### Exercise instructions
Leave every picture out, and print the full listing again exactly.

### Given material
──────

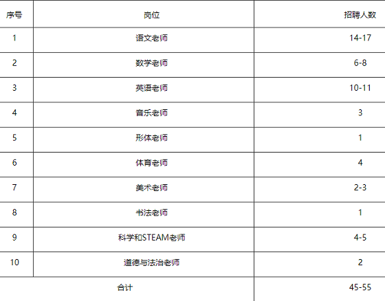 崗位:小學(xué)語文、數(shù)學(xué)、英語、STEAM課程、藝術(shù)、體育等各學(xué)科教師
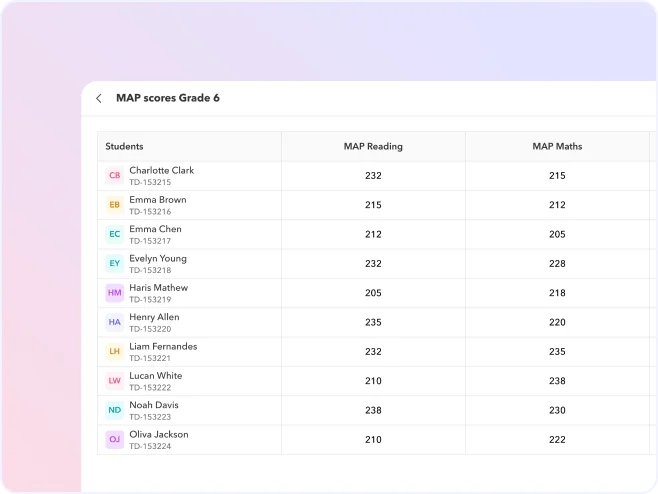Bring NAPLAN, PAT, MAP, and other external assessment data into Toddle for unified tracking and reporting.
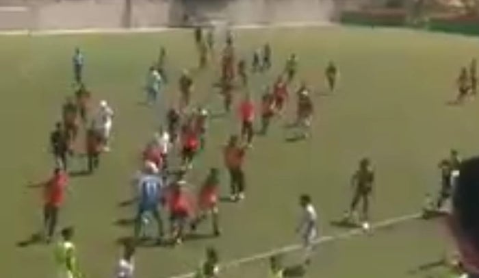 En las imágenes que se hicieron virales en redes sociales, se muestra el momento en que los jugadores juveniles terminaron en tremenda "batalla campal" luego que el equipo visitante ganara el compromiso desde el cobro del punto penal.

──────

### Exercise response
 崗位:小學(xué)語文、數(shù)學(xué)、英語、STEAM課程、藝術(shù)、體育等各學(xué)科教師
Bring NAPLAN, PAT, MAP, and other external assessment data into Toddle for unified tracking and reporting.
 En las imágenes que se hicieron virales en redes sociales, se muestra el momento en que los jugadores juveniles terminaron en tremenda "batalla campal" luego que el equipo visitante ganara el compromiso desde el cobro del punto penal.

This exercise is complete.